Когда мы закончили, она прислонилась к железному изголовью кровати. Её голые ноги, казалось, почти доходили до другой спинки кровати. «Сегодня ночью ты кажешься менее напуганным. Желаешь поговорить сейчас?»
Нет, подумал я, я бы хотел сделать кое-что другое, что ты предлагала при нашей первой встрече. Но я кивнул.
«Спрашивай меня, что хочешь», — сказала она. «На этот раз я буду более терпеливой».
«Почему бы это?»
Она улыбнулась. «Я стала поспокойней. Вчера ночью я снова плавала в прилив. Я была пингвинчиком уже слишком долго… но я могу подождать ночь и день. И Одорини сказал, что ты отвлечёшь меня».
«Буду стараться изо все сил, чтобы отвлечь», — сказал я, пытаясь быть обходительным. Но она, по- видимому, не заметила.
«Итак, как я могу удовлетворить твоё любопытство?» Она говорила расслабленным голосом, без насмешки.
Я поразмыслил. Что я хотел знать? В обычной ситуации она была бы превосходным источником информации — красивая, экзотичная, яркая. Но ситуация не была идеальной… обычно я предпочитаю случайно встречаться с моими персонажами в красочных барах или других общественных местах с тем, чтобы стимулировать что-то вроде случайной встречи, на которую может рассчитывать любой из моих фэнов во время путешествия. Эта встреча была как-то подпорчена ощущением надуманности. Пока, конечно, я фактически не пытался сделать запись другого сорта, пока я фактически не собирался рассматривать Одорини и его дочь как центральные элементы. Хотя это могло сыграть мне на руку.

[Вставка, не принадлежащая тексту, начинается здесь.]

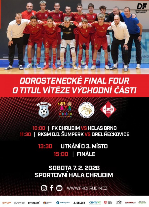 Zveme Vás do Sportovní haly Chrudim na juniorské a dorostenecké Final Four o titul vítěze východní části. Dorostenci odehrají svoje Final Four v sobotu 7.2.2026, junioři o den později, tj. v neděli 8.2.2026 ve Sportovní hale Chrudim (Tyršovo náměstí 12, Chrudim).

«Не желаешь ли одеть записыватель, пока мы будем говорить?» — спросил я.
Её брови поползли вверх. «Ты не боишься увидеть себя так, как я тебя вижу?», Ясно, что она не была дурой, хотя и выбрала безрассудно храброе занятие.
«Нет, я привык к такого рода вещам», — сказал я не очень правдиво. «И, возможно, ты будешь добра».
Она засмеялась. «Не рассчитывай на это. Да, хорошо. Я сделаю это. Одорини будет приятно».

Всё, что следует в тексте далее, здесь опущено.